#### EXERCISE DESCRIPTION
Would you reproduce exactly, and only, the lines starting at the one with "夏野菜のカレー 牛乳 カラフルサラダ" and ending at the last line of the data, with both included? Leave the pictures out.

#### PROVIDED DATA
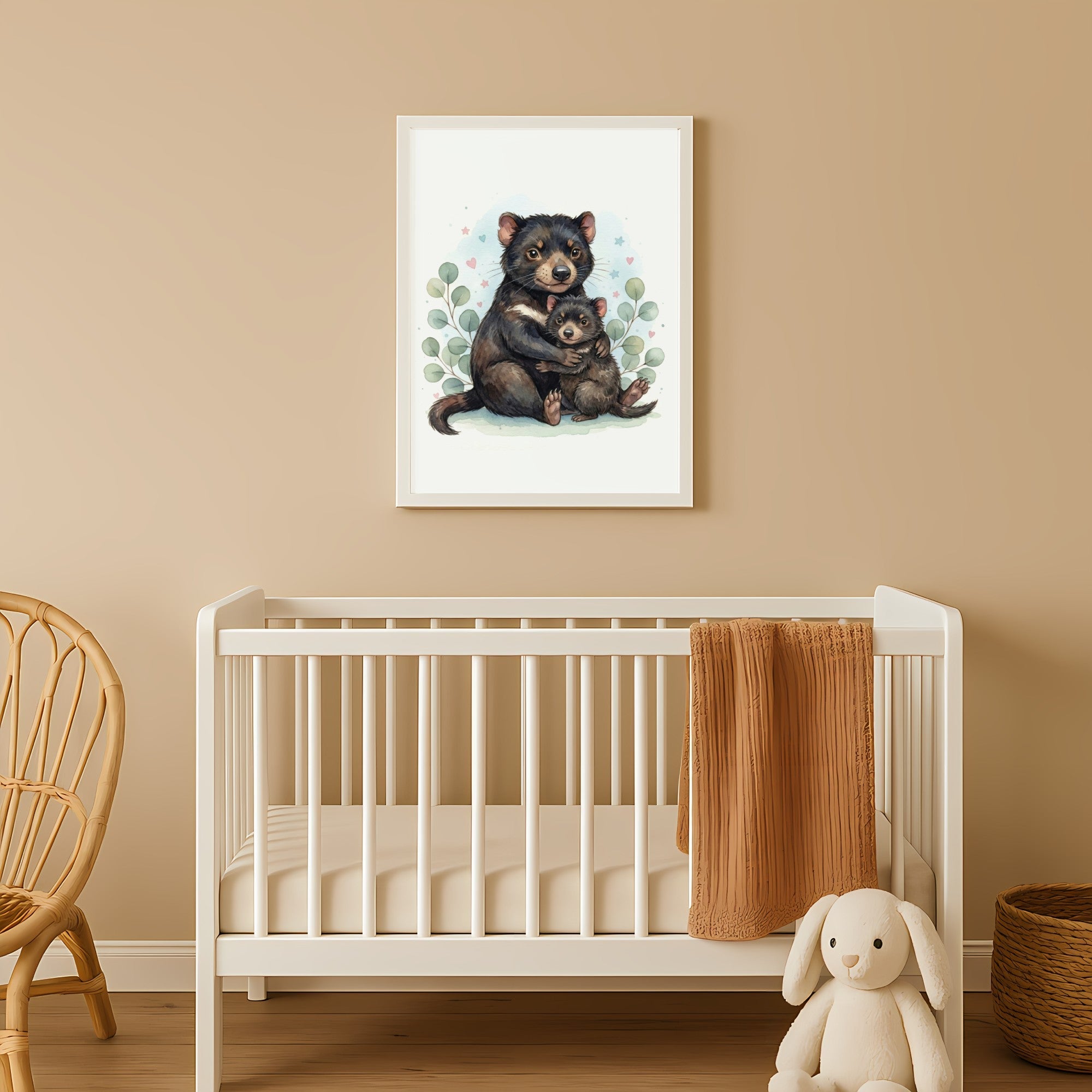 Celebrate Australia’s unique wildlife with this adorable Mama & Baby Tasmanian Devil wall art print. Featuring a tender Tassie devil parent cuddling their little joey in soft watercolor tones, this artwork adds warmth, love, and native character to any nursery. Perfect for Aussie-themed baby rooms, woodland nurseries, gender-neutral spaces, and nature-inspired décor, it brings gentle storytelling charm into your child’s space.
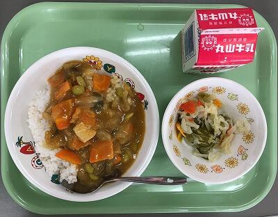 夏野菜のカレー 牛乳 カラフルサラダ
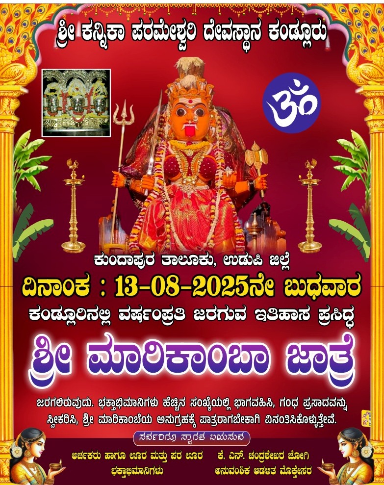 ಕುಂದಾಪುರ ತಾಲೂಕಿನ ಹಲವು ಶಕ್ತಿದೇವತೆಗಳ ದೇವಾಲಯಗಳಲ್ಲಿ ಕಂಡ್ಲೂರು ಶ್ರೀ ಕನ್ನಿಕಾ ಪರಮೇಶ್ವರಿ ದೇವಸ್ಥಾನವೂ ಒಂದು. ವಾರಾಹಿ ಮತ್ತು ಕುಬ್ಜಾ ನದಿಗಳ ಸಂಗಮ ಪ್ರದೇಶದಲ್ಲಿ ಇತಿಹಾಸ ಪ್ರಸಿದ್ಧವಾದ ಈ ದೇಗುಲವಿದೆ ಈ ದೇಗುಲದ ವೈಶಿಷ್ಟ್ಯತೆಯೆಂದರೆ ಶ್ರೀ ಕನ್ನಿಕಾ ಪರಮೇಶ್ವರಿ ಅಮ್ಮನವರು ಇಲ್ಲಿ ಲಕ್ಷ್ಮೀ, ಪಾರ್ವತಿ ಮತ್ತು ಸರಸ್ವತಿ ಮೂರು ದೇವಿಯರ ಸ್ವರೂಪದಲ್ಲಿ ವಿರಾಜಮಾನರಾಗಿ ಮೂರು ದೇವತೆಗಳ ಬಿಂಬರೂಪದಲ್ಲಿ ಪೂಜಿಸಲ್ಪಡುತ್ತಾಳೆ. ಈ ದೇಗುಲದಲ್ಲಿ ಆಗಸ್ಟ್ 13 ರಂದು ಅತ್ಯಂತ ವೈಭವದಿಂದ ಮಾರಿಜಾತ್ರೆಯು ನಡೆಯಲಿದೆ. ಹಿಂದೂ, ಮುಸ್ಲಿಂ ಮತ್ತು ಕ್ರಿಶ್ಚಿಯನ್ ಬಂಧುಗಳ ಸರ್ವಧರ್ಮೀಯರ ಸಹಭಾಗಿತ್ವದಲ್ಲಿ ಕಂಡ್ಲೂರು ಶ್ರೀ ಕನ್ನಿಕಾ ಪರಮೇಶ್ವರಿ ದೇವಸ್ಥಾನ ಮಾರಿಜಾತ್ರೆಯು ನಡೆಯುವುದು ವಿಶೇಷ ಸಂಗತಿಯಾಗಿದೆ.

#### ANSWER FOR THE TASK
 夏野菜のカレー 牛乳 カラフルサラダ
 ಕುಂದಾಪುರ ತಾಲೂಕಿನ ಹಲವು ಶಕ್ತಿದೇವತೆಗಳ ದೇವಾಲಯಗಳಲ್ಲಿ ಕಂಡ್ಲೂರು ಶ್ರೀ ಕನ್ನಿಕಾ ಪರಮೇಶ್ವರಿ ದೇವಸ್ಥಾನವೂ ಒಂದು. ವಾರಾಹಿ ಮತ್ತು ಕುಬ್ಜಾ ನದಿಗಳ ಸಂಗಮ ಪ್ರದೇಶದಲ್ಲಿ ಇತಿಹಾಸ ಪ್ರಸಿದ್ಧವಾದ ಈ ದೇಗುಲವಿದೆ ಈ ದೇಗುಲದ ವೈಶಿಷ್ಟ್ಯತೆಯೆಂದರೆ ಶ್ರೀ ಕನ್ನಿಕಾ ಪರಮೇಶ್ವರಿ ಅಮ್ಮನವರು ಇಲ್ಲಿ ಲಕ್ಷ್ಮೀ, ಪಾರ್ವತಿ ಮತ್ತು ಸರಸ್ವತಿ ಮೂರು ದೇವಿಯರ ಸ್ವರೂಪದಲ್ಲಿ ವಿರಾಜಮಾನರಾಗಿ ಮೂರು ದೇವತೆಗಳ ಬಿಂಬರೂಪದಲ್ಲಿ ಪೂಜಿಸಲ್ಪಡುತ್ತಾಳೆ. ಈ ದೇಗುಲದಲ್ಲಿ ಆಗಸ್ಟ್ 13 ರಂದು ಅತ್ಯಂತ ವೈಭವದಿಂದ ಮಾರಿಜಾತ್ರೆಯು ನಡೆಯಲಿದೆ. ಹಿಂದೂ, ಮುಸ್ಲಿಂ ಮತ್ತು ಕ್ರಿಶ್ಚಿಯನ್ ಬಂಧುಗಳ ಸರ್ವಧರ್ಮೀಯರ ಸಹಭಾಗಿತ್ವದಲ್ಲಿ ಕಂಡ್ಲೂರು ಶ್ರೀ ಕನ್ನಿಕಾ ಪರಮೇಶ್ವರಿ ದೇವಸ್ಥಾನ ಮಾರಿಜಾತ್ರೆಯು ನಡೆಯುವುದು ವಿಶೇಷ ಸಂಗತಿಯಾಗಿದೆ.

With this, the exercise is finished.